I’m searching for an API which is capable of converting an image, from tiff or pdf format, to an PDF Text + Image while performing the necessary OCR to the image.

The output should be a PDF which I’m able to select the text, and be able to be process by an index / search engine.

It would also be important to this component to be able to produce PDF/A formats.

From what I’ve analyze, aspose has APIs for PDF and OCR processing, so I would like to know if the platform can address the need I described.

Thanks in advance.

Adnan.Ahmad · March 2, 2020, 9:32pm

@rmcartaxo,

Thanks for contacting support.

Can you please visit this Convert Image to PDF article on your end and share feedback with us. Also please share your requirements in form of sample so that we may further investigate to help you out.

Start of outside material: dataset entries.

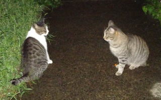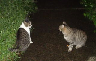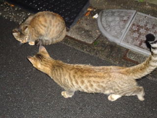 16.また地域のボス猫の茶子ちゃんが開くネコちゃんの集会に参加です。
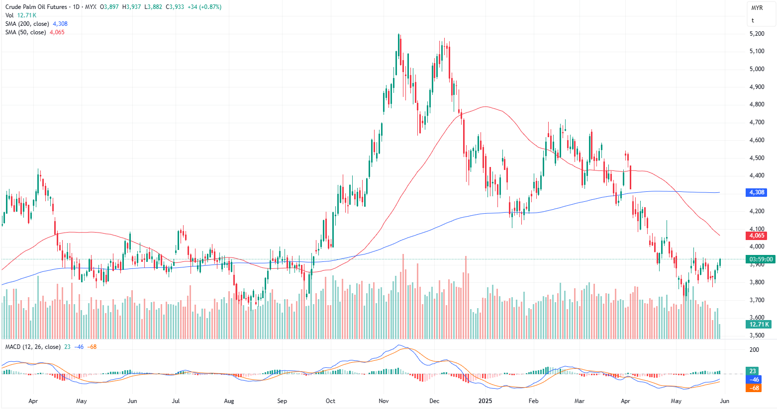 The actively traded FCPO contract opened higher with a gap up, with prices currently hovering near the upper end of the recent sideways consolidation range at 3935–3940. If this range continues to hold, there is potential for further upside toward the 3970–3975 zone. However, if the 3935–3940 support fails to hold, the market may turn lower. Immediate downside support is seen at 3890–3895, which could help sustain the current upward bias. Stay cautious of potential shifts in market sentiment. The immediate support and resistance levels are identified at 3935 and 3952, respectively.
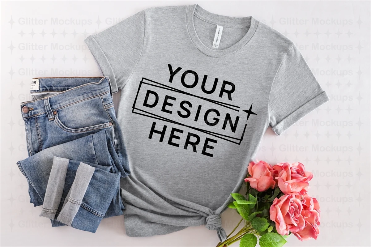 Bella Canvas 3001 Athletic Heather Mockup, Women, Spring
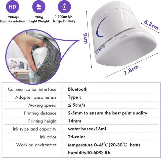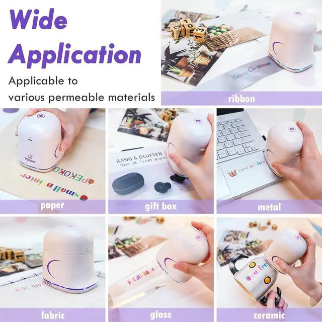 PEKOKO Instant Handheld Printer Portable Mini Inkjet Printer Color Barcode Printer 1200dpi Wireless
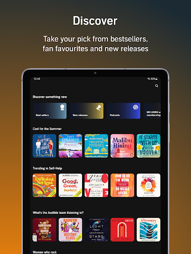 - Audible: Audio Stories & Books will ask you for certain permissions and access, you can accept to continue. Then, enjoy this app!

rmcartaxo · March 3, 2020, 3:00pm

Hello @Adnan.Ahmad,

Thanks for your reply.

From my understanding of the link you shared, it address the part of converting an image to pdf format.

But what I need to achieve is:

Perform OCR of an image and extract the text, which I assume your OCR component can do;
Convert Image to PDF, with the feature you mention in the article;
Convert the PDF with an image to a PDF of image + text, using the extract text from the OCR process.

Is this possible with aspose components?

Thanks,
Ricardo Cartaxo

asad.ali · March 3, 2020, 8:13pm

@rmcartaxo

Thanks for writing back.

Yes, you can surely perform OCR Operation on an image using Aspose.OCR API.

As far as your above requirement is concerned, Aspose.PDF offers a way to generate searchable PDF documents using an external tesseract utility. In order to convert non-searchable PDF file (scanned image PDF) to searchable PDF document in C#, please try using following code snippet with [Tesseract].

C#

Document doc = new Document("D:/Downloads/input.pdf");
doc.Convert(CallBackGetHocr);
doc.Save("E:/Data/pdf_searchable.pdf");
//********************* CallBackGetHocr method ***********************//
static string CallBackGetHocr(System.Drawing.Image img)
{
    string dir = @"E:\Data\";
    img.Save(dir + "ocrtest.jpg");
    ProcessStartInfo info = new ProcessStartInfo(@"C:\Program Files (x86)\Tesseract-OCR\tesseract.exe");
    info.WindowStyle = ProcessWindowStyle.Hidden;
    info.Arguments = @"E:\data\ocrtest.jpg E:\data\out hocr";
    Process p = new Process();
    p.StartInfo = info;
    p.Start();
    p.WaitForExit();
    StreamReader streamReader = new StreamReader(@"E:\data\out.html");
    string text = streamReader.ReadToEnd();
    streamReader.Close();
    return text;
}